Speech-to-Text
Configure Speech-to-Text settings in MultitaskAI for voice input and audio file transcription
Speech-to-Text
MultitaskAI provides powerful speech-to-text capabilities powered by OpenAI's Whisper model, allowing you to dictate messages and transcribe audio files directly in your browser.
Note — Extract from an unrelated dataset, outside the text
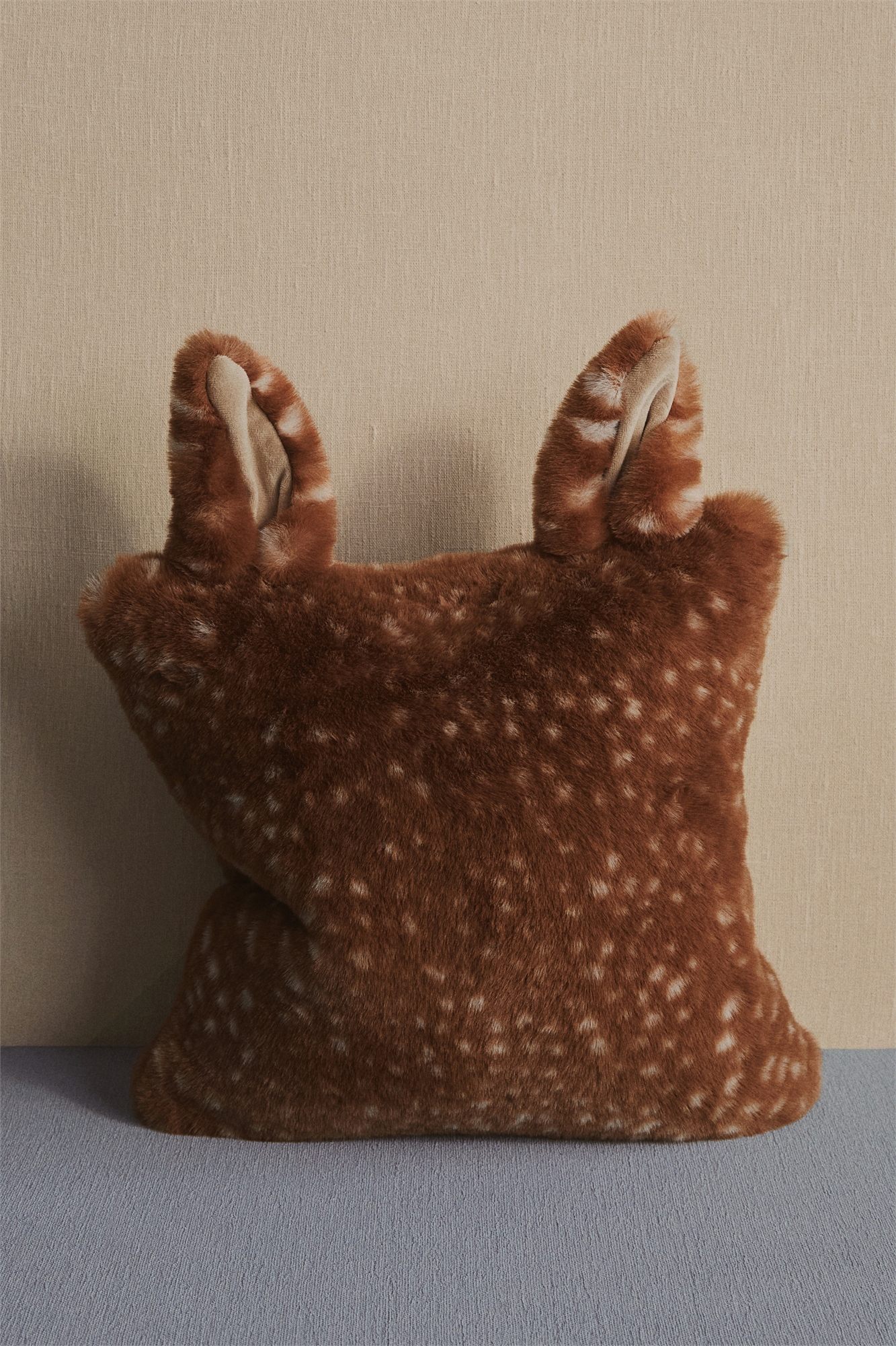 Пушистый чехол для подушки с принтом на всю поверхность спереди и сзади. Аппликации в виде ушей и застежка-молния внизу.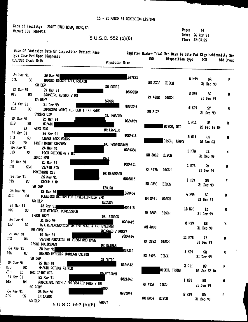 Document 28 f:/Week-32/BX000483/MEDSTAT - SITREPS APR 91 -3/patient adimission listing 15 31 mar 91:09069615155346

All processing happens locally on your device, ensuring privacy and offline functionality.
Setting Up Speech-to-Text
- Navigate to https://app.multitaskai.com/settings/speech-to-text
- Enable the speech-to-text feature
- Choose and download your preferred Whisper model
Available Models
MultitaskAI offers two categories of models:
Regular Models
These provide the best accuracy but require more storage space:
- Tiny (43.5 MB)
- Tiny English (43.6 MB)
- Base (81.8 MB)
- Base English (81.8 MB)
- Small (264 MB)
- Small English (264 MB)
Quantized Models
These are optimized for efficiency with slightly reduced accuracy:
- Medium English (823 MB)
- Medium English Quantized (823 MB)
- Large English Turbo (874 MB)
- Large English (3100 MB)
Using Speech-to-Text
Once enabled and with a model downloaded, you can:
- Dictate Messages: Use voice input directly in the chat input field
- Transcribe Audio Files: Upload audio files (
.mp3
,.wav
,.m4a
,.ogg
,.aac
) for automatic transcription
Language Support
While models are available for multiple languages, English-specific models are optimized for better performance when working primarily with English content.